Leave the images out. Give every line below again, precisely.

*** Opening of GIVEN DATA ***

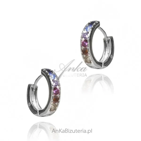 Kolczyki srebrne kółka z kolorowymi cyrkoniami
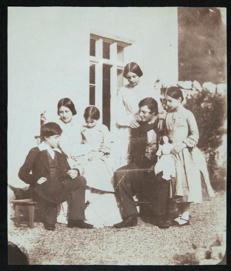 Salted paper print, from Collodion glass negative. The six Llewelyn children outside Penllergare. Left to right Lucy, William, Thereza, John (holding gun), Emma, and Elinor.
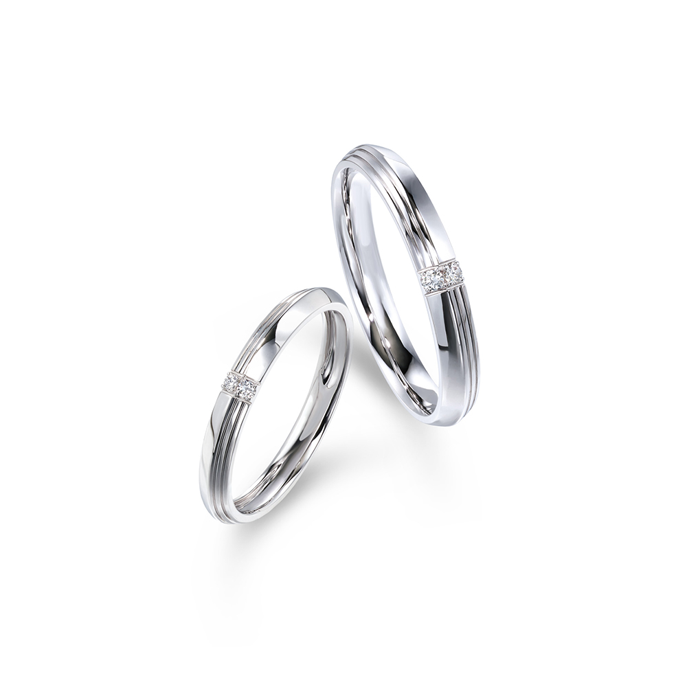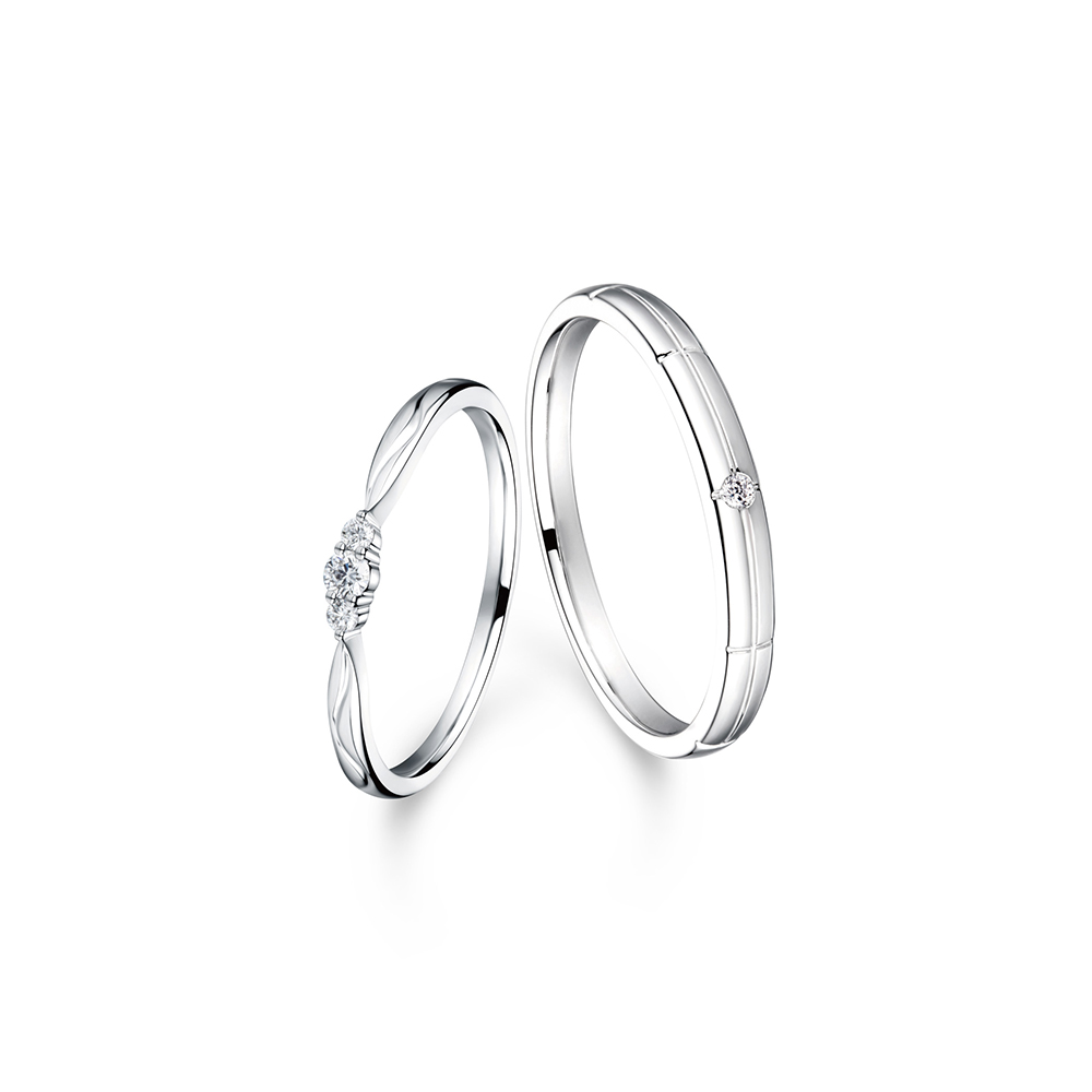 Graceful lines extend on the wedding rings, bearing witness to everlasting love. Clear diamonds seal the lifelong commitment of love and bliss.
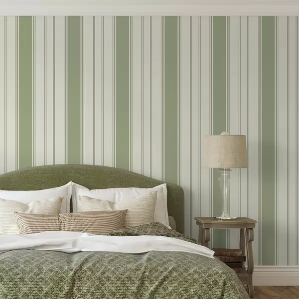 Papel tapiz Fondo crema con rayas anchas verde claro Nr. a00561

*** Close of GIVEN DATA ***

» **TASK SOLUTION**:
 Kolczyki srebrne kółka z kolorowymi cyrkoniami
 Salted paper print, from Collodion glass negative. The six Llewelyn children outside Penllergare. Left to right Lucy, William, Thereza, John (holding gun), Emma, and Elinor.
 Graceful lines extend on the wedding rings, bearing witness to everlasting love. Clear diamonds seal the lifelong commitment of love and bliss.
 Papel tapiz Fondo crema con rayas anchas verde claro Nr. a00561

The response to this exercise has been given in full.